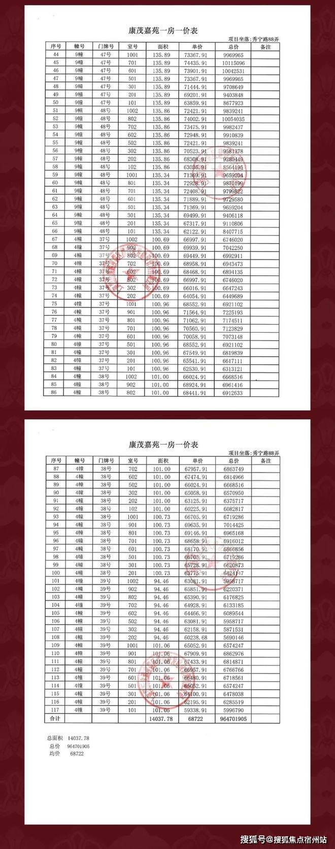 一房一价表:
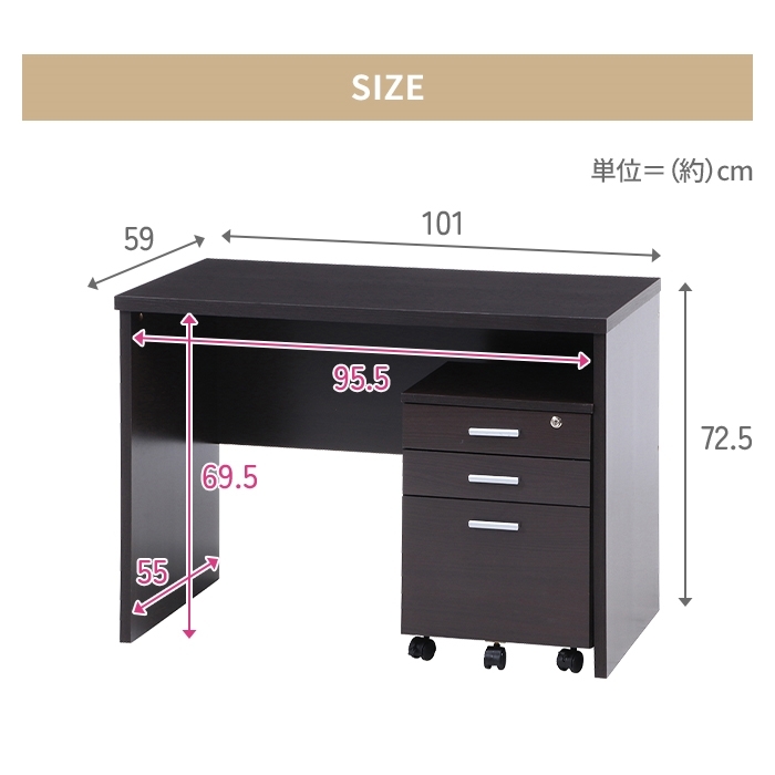 | 約デスク:幅101×奥行59×高さ72.5cm チェスト:38.5×40×55cm 天板・地板厚:2.2cm 棚板厚:1.2cm |
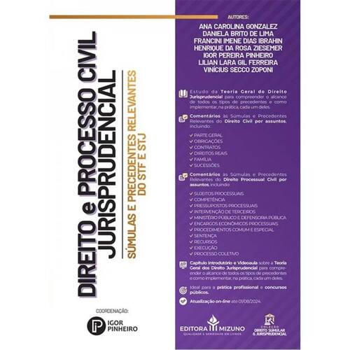 Há muito tempo (desde a Emenda Constitucional nº 45/2004 e, principalmente, após o advento do Novo Código de Processo Civil), o Direito Brasileiro deixou de ter a lei e as decisões abstratas do controle de constitucionalidade como os únicos instrumentos vinculantes para o Poder Judiciário e para a Administração Pública. Essa constatação decorre do disposto nos artigos 103-A, §3º, da Constituição Federal c/c artigo 988, §§1º e 5º do Código de Processo Civil, após modificações operadas pela Lei nº 13.256/2016. Tem-se, na atualidade, para além dos precedentes qualificados (súmulas vinculantes, teses de repercussão geral e recursos repetitivos) com relevantes efeitos processuais, coletâneas jurisprudenciais que ostentam muita importância, como é o caso da chamada “Jurisprudência em Teses do STJ”, as Jornadas do CJF e da Escola Judiciária Eleitoral do TSE. Ocorre que o chamado “Direito Jurisprudencial” ou “Direito dos Precedentes” possui fontes difusas, o que traz uma certa dificuldade para que o profissional ou estudante do Direito possa tenha acesso rápido e didático aos entendimentos sobre o tema específico que queira pesquisar. Diante dessa constatação, bem como pela inequívoca importância acadêmica e prática do assunto, resolvemos lançar a Coleção Direito Sumular e Jurisprudencial, em que separamos os precedentes relevantes dos Tribunais Superiores por disciplinas para que o leitor possa ter uma visão especializada, otimizando o tempo de estudo e encontrando as soluções para os problemas acadêmicos e práticos do dia a dia. O presente volume é um dos que compõem a coleção citada e servirá como um verdadeiro Manual de Jurisprudência sobre xxxx Como garantia de manutenção da qualidade e utilidade, a obra possui garantia de atualização on-line até 31/08/2024. Igor Pereira Pinheiro Coautor da obra e Coordenador Editorial do Grupo Mizuno

EXERCISE REQUIREMENTS >>
From the first line of the material down to the line containing "天板・地板厚:2.2cm 棚板厚:1.2cm |", inclusive, return each line exactly, skipping any picture.

REPLY >>
 一房一价表:
 | 約デスク:幅101×奥行59×高さ72.5cm チェスト:38.5×40×55cm 天板・地板厚:2.2cm 棚板厚:1.2cm |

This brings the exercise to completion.